1. Custom authentication setup (required)

The Node.js SDK only supports custom authentication. You must create a custom auth connection:

1. Go to the Embedded Wallets dashboard.
2. Select your project.
3. Navigate to Authentication → Custom connections.
4. Click Create connections.
5. Configure your auth connection with your custom JWT details.

info

You can refer to the Custom JWT Setup guide to learn more.

2. SDK configuration

Create a Web3Auth instance with your client ID, web3auth network name, and chain information:

const { Web3Auth } = require('@web3auth/node-sdk')

const web3auth = new Web3Auth({
  clientId: 'YOUR_WEB3AUTH_CLIENT_ID', // Pass your Web3Auth Client ID, ideally using an environment variable // Get your Client ID from Embedded Wallets dashboard
  web3AuthNetwork: 'sapphire_mainnet', // or 'sapphire_devnet'
})

note

The chain information is optional and will be used to setup the provider for connecting to the chain.
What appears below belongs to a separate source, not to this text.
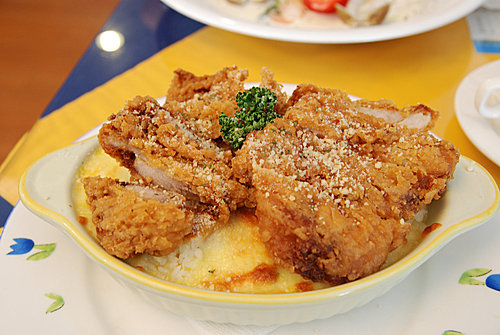老婆點的微辣香酥脆皮雞腿排焗烤飯...(南瓜白醬)~南瓜焗烤飯上面鋪著炸雞腿排, 我還第一次看過這種焗烤吃法哩~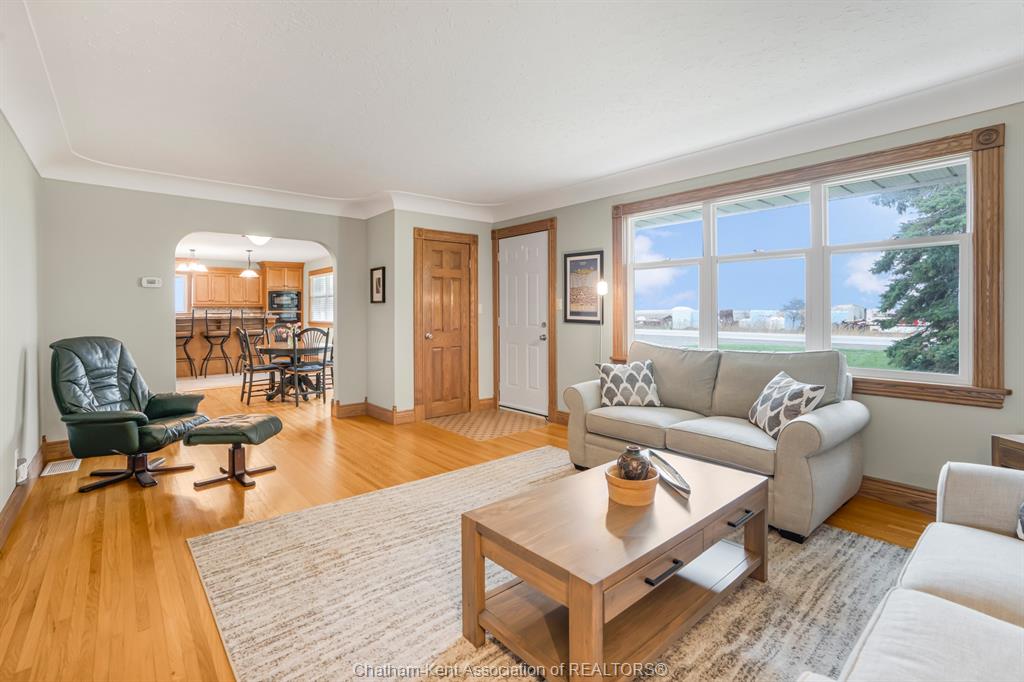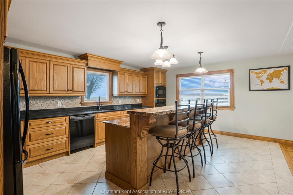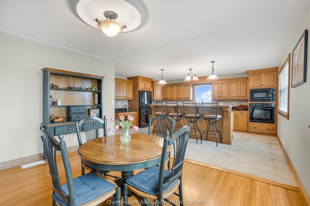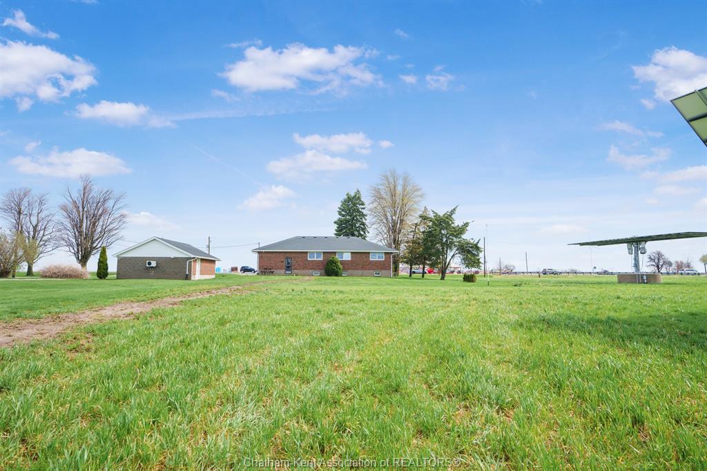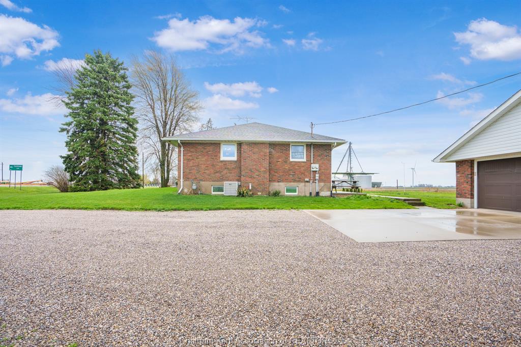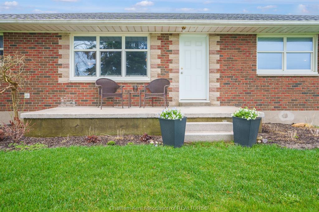 Situated on 1. 4 acres backing onto a creek, the property offers bonus solar income, wildlife, and room to garden or let kids explore. This 3 bedroom, 2 bathroom, well-built brick home is set in the country between wallaceburg and chatham. A spacious kitchen is designed for everyday living and entertaining, complete with a raised countertop that keeps you connected with guests while you cook. This home is exceptionally clean and truly move-in ready from the fridge to the oven, just bring your belongings. You’ll love the main floor laundry, deep closets, and large windows throughout the home, bringing in natural light. The solar panel generates over $14,000 annually in revenue, adding bonus value. A standout feature is the fully insulated garage, equipped with natural gas heating, a hot water heater, water, air conditioning, and automatic openers, ideal for parking, projects, or workspace use. The full unfinished basement provides ample storage and future living space potential, along with a cold cellar under the front steps, perfect for preserving and storage. A solid country property with functional space, income, and room to grow. Fibre optic internet is available.

If not provided, the first chain in the list will be used.

3. Initialize Embedded Wallets

Initialize the Web3Auth instance during your application startup:

await web3auth.init()

4. Authenticate users

Use the connect method with your custom authentication parameters:

const result = await web3auth.connect({
  authConnectionId: 'YOUR_AUTH_CONNECTION_ID', // Your custom authentication connection name
  idToken: 'USER_ID_TOKEN', // JWT token from your auth system
})

Configuration options

• Basic Configuration
• Advanced Configuration

const { Web3Auth } = require('@web3auth/node-sdk')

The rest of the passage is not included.